In Python, there are many useful data structures and algorithms built in to the language. Also, because Python is an object-based language, it is relatively easy to create custom data objects. In this book, we will examine both Python internal libraries, some of the external libraries, as well as learning how to build your own data objects from first principles. 

 

Understanding data structures and algorithms 

  

Algorithms and data structures are the most fundamental concepts in computing. They are the building blocks from which complex software is built. Having an understanding of these foundation concepts is hugely important in software design and this involves the following three characteristics: 

How algorithms manipulate information contained within data structures How data is arranged in memory 

What the performance characteristics of particular data structures are 

In this book, we will examine this topic from several perspectives. Firstly, we will look at the fundamentals of the Python programming language from the perspective of data structures and algorithms.
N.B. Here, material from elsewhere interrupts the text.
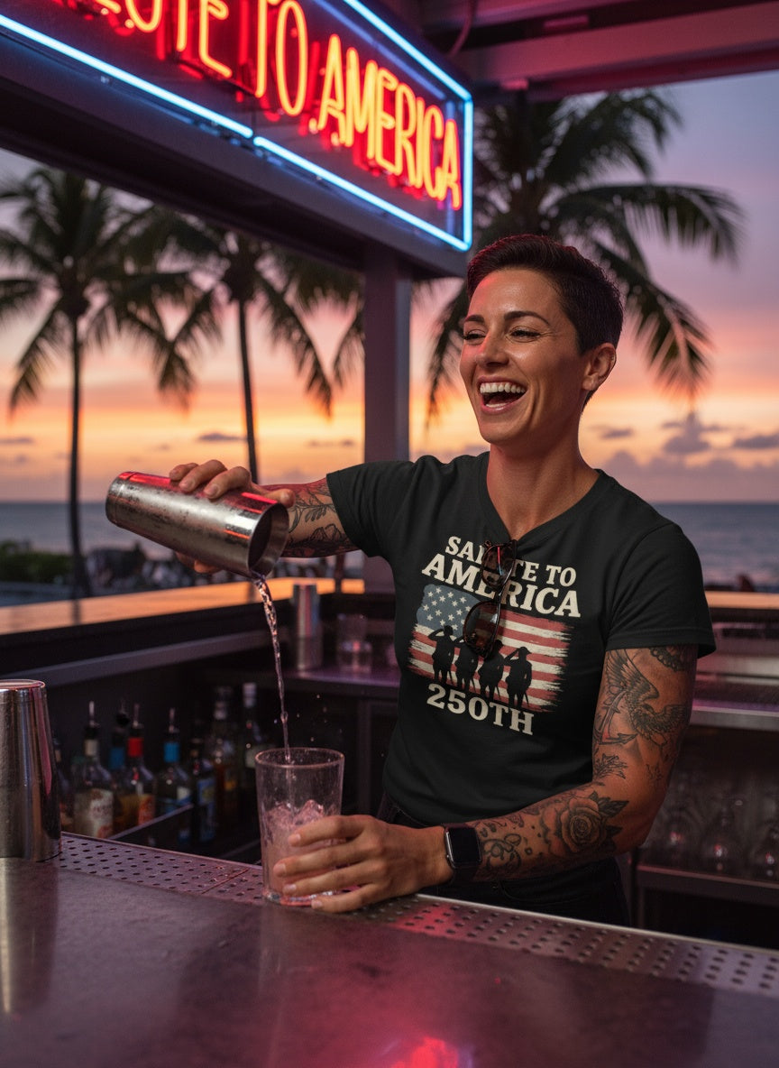 Salute to America T-Shirt | 250th Anniversary Patriotic Women’s Tee – Strong Female Veteran USA Flag Shirt

Secondly, it is important that we have the correct mathematical tools. We need to understand some fundamental concepts of computer science and for this we need mathematics. By taking a heuristics approach, developing some guiding principles means that, in general, we do not need any more than high school mathematics to understand the principles of these key ideas. 

Another important aspect is evaluation. Measuring an algorithms performance involves understanding how each increase in data size affects operations on that data. When we are working on large datasets or real-time applications, it is essential that our algorithms and structures are as efficient as they can be. 

Finally, we need a sound experimental design strategy. Being able to conceptually translate a real-world problem into the algorithms and data structures of a programming language involves being able to understand the important elements of a problem and a methodology for mapping these elements to programming structures. 

To give us some insight into algorithmic thinking, let's consider a real-world example. Imagine we are at an unfamiliar market and we are given the task of purchasing a list of items. We assume that the market is laid out randomly, and each vendor sells a random subset of items, some of which may be on our list. Our aim is to minimize the price we pay for each item as well as minimize the time spent at the market. One way to approach this is to write an algorithm like the following:

Repeat for each vendor: 

  • Does the vendor have items on my list and is the cost less than a predicted cost for the item? 
  • If yes, buy and remove from list; if no, move on to the next vendor. 
  • If no more vendors, end. 

Python for data 

Python has several built-in data structures, including lists, dictionaries, and sets, that we use to build customized objects. In addition, there are a number of internal libraries, such as collections and the math object, which allow us to create more advanced structures as well as perform calculations on those structures. Finally, there are the external libraries such as those found in the SciPy packages. These allow us to perform a range of advanced data tasks such as logistic and linear regression, visualization, and mathematical calculations such as operations on matrixes and vectors. External libraries can be very useful for an out of-the-box solution. However, we must also be aware that there is often a performance penalty compared to building customized objects from the ground up. By learning how to code these objects ourselves, we can target them to specific tasks, making them more efficient. This is not to exclude the role of external libraries and we will look at this in Chapter 12, Design Techniques and Strategies. 

To begin, we will take an overview of some of the key language features that make Python such a great choice for data programming. 

The Python environment 

A feature of the Python environment is its interactive console allowing you to both use Python as a desktop programmable calculator and also as an environment to write and test snippets of code. The read-evaluate-print loop of the console is a very convenient way to interact with a larger code base, such as to run functions and methods or to create instances of classes. This is one of the major advantages of Python over compiled languages such as C/C++ or Java, where the write-compile-test-recompile cycle can increase development time considerably compared to Python's read - evaluate - print loop. Being able to type in expressions and get an immediate response can greatly speed up data science tasks. 

There are some excellent distributions of Python apart from the official CPython version. Two of the most popular are Anaconda (https://www.continuum.io/downloads) and Canopy (https://www.enthought.com/products/canopy/). Most distributions come with their own developer environments. Both Canopy and Anaconda include libraries for scientific, machine learning, and other data applications. Most distributions come with an editor. 

There are also a number of implementations of the Python console, apart from the CPython version. Most notable amongst these is the Ipython/Jupyter platform that includes a web based computational environment.